Abstract

The adsorption of ammonia–borane (AB) over the (001) surface of TiC and ZrC, has been studied systematically by means of periodic-boundary density functional calculations using slab models. We present evidence that a surface with an appreciable degree of polarity such as those used in this research, can simultaneously activate the N-H and B-H bonds of the AB molecule and its dimer AB-AB. The molecule is highly activated by both supports, and the N-H and B-H bonds are stretched long enough to release one or two hydrogens. Additionally, the bond distance B-N is shortened by 0.04 and 0.06 Å by TiC and ZrC supports respectively, which results in the strengthening of the bond, what seems convenient to avoid unwanted by-products (NH3, BH3, etc.). A systematic study for the adsorption of BH2NH2, which is isoelectronic with ethylene, was also done.
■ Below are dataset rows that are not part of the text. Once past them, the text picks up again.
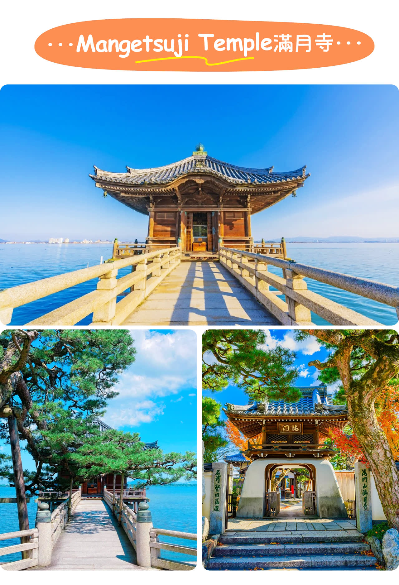 * 만게츠지 우키미도: 비와호에 떠 있는 불당, 임제종 사찰, 오미팔경 "가타다 낙안"으로 유명하며, 해돋이 때의 경치는 압권임
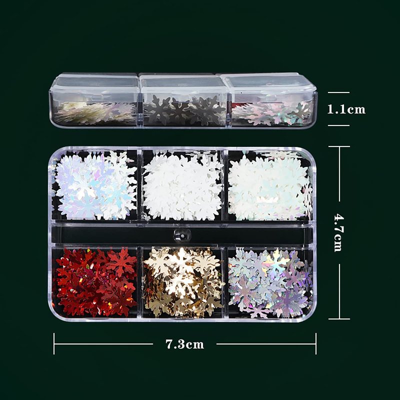 - 【Snowflake Glitter for Nails】- Snowflake nail sequins have 6 different colors, each of which is carefully selected and packaged in a storage box. You can choose different colors to decorate the nails, create a variety of dazzling snowflake nail decor.
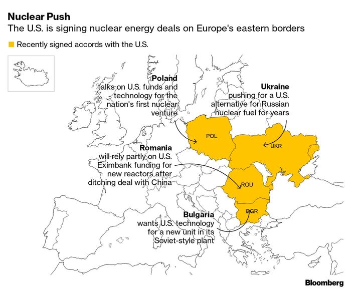 За несколько недель США подписали меморандум с Румынией о финансировании возведения нового реактора и другие соглашения с Польшей, а также Болгарией, которая планирует возродить старый проект строительства атомного реактора.
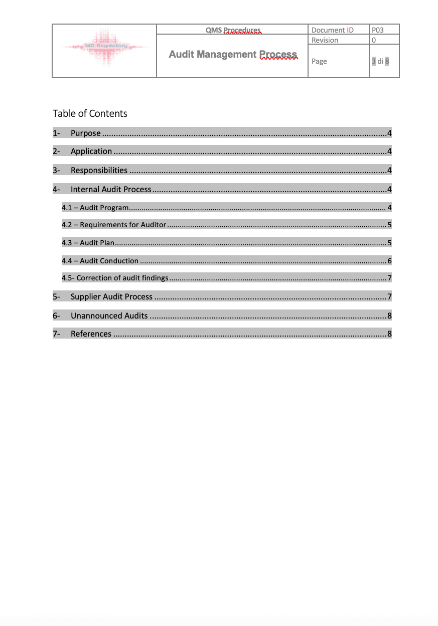 Q: Does this procedure cover both internal and supplier audits? A: The procedure is primarily designed for internal audits. It can be adapted for supplier audits, but a dedicated supplier audit procedure is recommended for full MDSAP and ISO 13485 compliance.
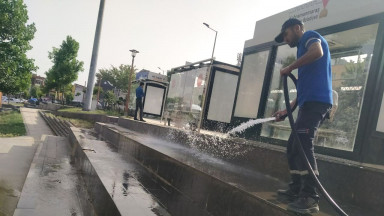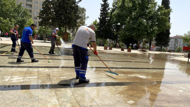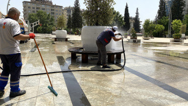Büyükşehir Belediyesi, şehirde etkili olan toz taşınımı nedeniyle oluşabilecek olumsuzlukların önüne geçmek için şehrin muhtelif yerlerinde temizlik çalışması gerçekleştiriyor.

The adsorption leads to a major elongation of the B-N bond with respect to the calculated value in the gas phase (0.17 and 0.18 Å for TiC and ZrC respectively). Both supports can activate the molecule, with the biggest impact being on the BH2 fragment. On the other hand, the migration of hydrogen atoms on both supports is a thermodynamically favorable process. On the surface H prefers bonding to a C, which is in agreement with other studies for dissociative adsorption of H2 on metallic carbides. Nevertheless, we show that the hydrogen molecule readily forms when both atoms sit on the transition metal of the surface. On the basis of this theoretical study, both supports are proposed as potential catalysts for the dehydrogenation of ammonia–borane.